By the first century AD, the Korean Peninsula was divided into the kingdoms of Shilla, Koguryo, and Paekche. In 668 AD, the Shilla kingdom unified the peninsula. The Koryo dynasty--from which Portuguese missionaries in the 16th century derived the Western name "Korea"--succeeded the Shilla kingdom in 935. The Choson dynasty, ruled by members of the Yi clan, supplanted Koryo in 1392 and lasted until Japan annexed Korea in 1910.
Throughout its history, Korea has been invaded, influenced, and fought over by its larger neighbors. Korea was under Mongolian occupation from 1231 until the early 14th century. The unifier of Japan, Hideyoshi Toyotomi, launched major invasions of Korea in 1592 and 1597. When Western powers focused "gunboat" diplomacy on Korea in the mid-19th century, Korea's rulers adopted a closed-door policy, earning Korea the title of "Hermit Kingdom." Although the Choson dynasty recognized China's hegemony in East Asia, Korea was independent until the late 19th century. At that time, China sought to block growing Japanese influence on the Korean Peninsula and Russian pressure for commercial gains there. The competition produced the Sino-Japanese War of 1894-95 and the Russo-Japanese War of 1904-05. Japan emerged victorious from both wars and in 1910 annexed Korea as part of the growing Japanese empire. Japanese colonial administration was characterized by tight control from Tokyo and ruthless efforts to supplant Korean language and culture. Organized Korean resistance during the colonial era was generally unsuccessful, and Japan remained firmly in control of the Peninsula until the end of World War II in 1945. The surrender of Japan in August 1945 led to the immediate division of Korea into two occupation zones, with the United States administering the area south of the 38th parallel, and the Soviet Union administering the area to the north of the 38th parallel. This division was meant to be temporary until the United States, United Kingdom, Soviet Union, and China could arrange a trusteeship administration.

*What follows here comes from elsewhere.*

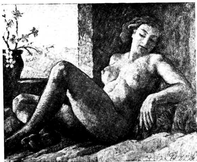
Gyermis Lukács: „Tavaszi” (akt. komp.) — olajfestmény Kiállítva: Mantova 1939 — Budapest 1941 — Ujvidék 1941
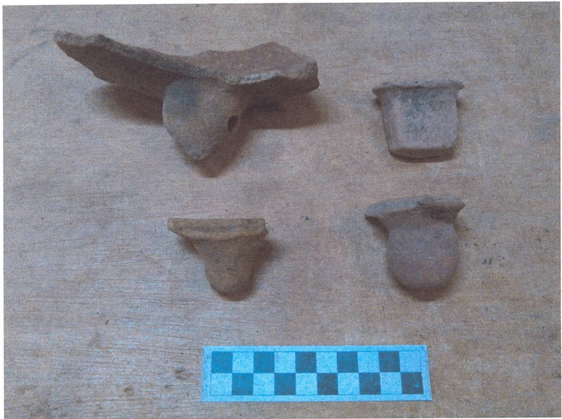
Figura 1. Cerámicas de la Fase Castillo.

Granada, todos de engobe rojo, una vajilla que se presenta en esta fase es la vajilla Ixtán, la cual muestra gran cantidad de pómez, la mayoría de formas de este tipo son cuencos de labios redondos con paredes y bordes convergentes. En la Fase Alejos el muestrario de la cerámica presenta gran cantidad de formas, como cuencos de paredes rectas y curvas de bordes rectos y en su mayoría evertidos, continúan las pestañas proximales, mediales y basales, las pastas van de un café rojo y anaranjado y continúan los soportes mamiformes, planos y de botón. En la Fase Castillo la cerámica no presenta grandes cambios, pero un rasgo diagnóstico para esta fase es el vaso cilíndrico trípode con soportes rectangulares, siguen algunas formas de las fases anteriores y en la vajilla "Negro Castillo" se presentan soportes de botón, pero también los hay redondos, mamiformes, y rectangulares, para esta fase continúan las vajillas utilitarias Rocrís y Ropom.

In December 1945, a conference was convened in Moscow to discuss the future of Korea. A 5-year trusteeship was discussed, and a joint Soviet-American commission was established. The commission met intermittently in Seoul but deadlocked over the issue of establishing a national government. In September 1947, with no solution in sight, the United States submitted the Korean question to the UN General Assembly. Initial hopes for a unified, independent Korea quickly evaporated as the politics of the Cold War and domestic opposition to the trusteeship plan resulted in the 1948 establishment of two separate nations with diametrically opposed political, economic, and social systems. Elections were held in the South under UN observation, and on August 15, 1948, the Republic of Korea (R.O.K.) was established in the South. Syngman Rhee, a nationalist leader, became the Republic's first president. On September 9, 1948, the North established the Democratic People's Republic of Korea (D.P.R.K.) headed by then-Premier Kim Il-sung, who had been cultivated and supported by the Soviet Union.
Korean War of 1950-53
Almost immediately after the establishment of the D.P.R.K., guerrilla warfare, border clashes, and naval battles erupted between the two Koreas. North Korean forces launched a massive surprise attack and invaded South Korea on June 25, 1950. The United Nations, in accordance with the terms of its charter, engaged in its first collective action and established the UN Command (UNC), to which 16 member nations sent troops and assistance. Next to South Korea, the United States contributed the largest contingent of forces to this international effort. The battle line fluctuated north and south, and after large numbers of Chinese "People's Volunteers" intervened to assist the North, the battle line stabilized north of Seoul near the 38th parallel.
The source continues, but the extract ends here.